GEMS: Scene Expansion using Generative Models of Graphs

Applications based on image retrieval require editing and associating in intermediate spaces that are representative of the high-level concepts like objects and their relationships rather than dense, pixel-level representations like RGB images or semantic-label maps. We focus on one such representation, scene graphs, and propose a novel scene expansion task where we enrich an input seed graph by adding new nodes (objects) and the corresponding relationships. To this end, we formulate scene graph expansion as a sequential prediction task involving multiple iterations of first predicting a new node and then predicting the set of relationships between the newly predicted node and previously chosen nodes in the graph. We propose and evaluate a sequencing strategy that retains the clustering patterns amongst nodes. In addition, we leverage external knowledge to train our graph generation model, enabling greater generalization of node predictions.
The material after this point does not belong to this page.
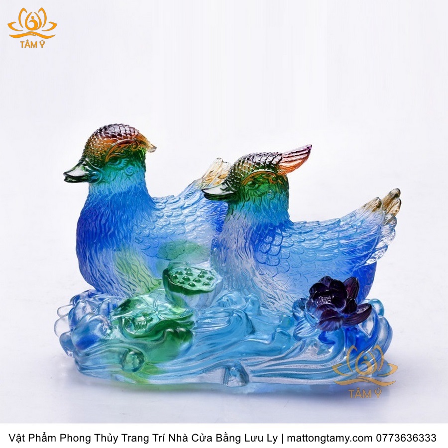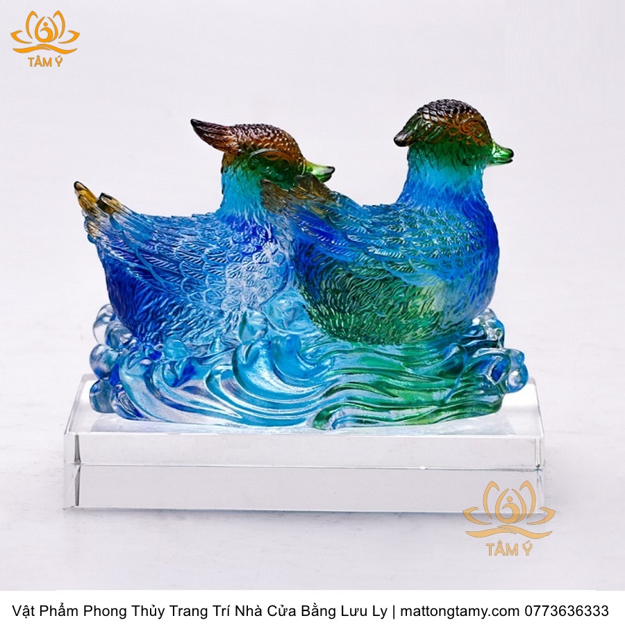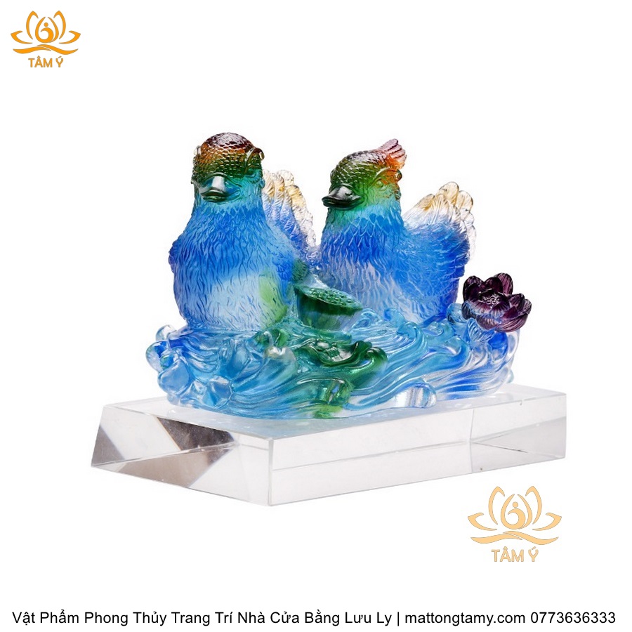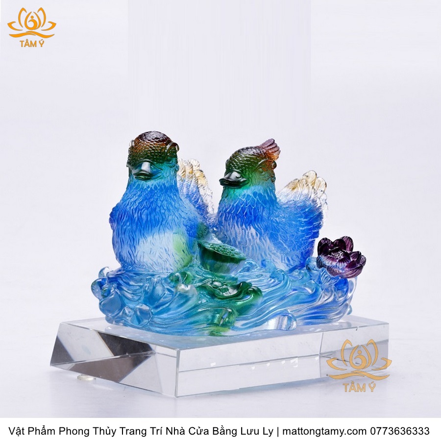 Tượng Đôi Chim Uyên Ương Trên Tổ Bằng Lưu Ly Cao Cấp Phong Thủy Trang Trí Nhà Cửa , DTT207

Due to the inefficiency of existing maximum mean discrepancy (MMD) based metrics standard for graph generation problems, we design novel metrics that comprehensively evaluate different aspects of node and relation predictions. We conduct extensive experiments on Visual Genome and VRD datasets to evaluate the expanded scene graphs using the standard MMD based metrics, as well as our proposed metrics. We observe that the graphs generated by our method, GEMS, better represent the real distribution of the scene graphs compared with baseline methods like GraphRNN.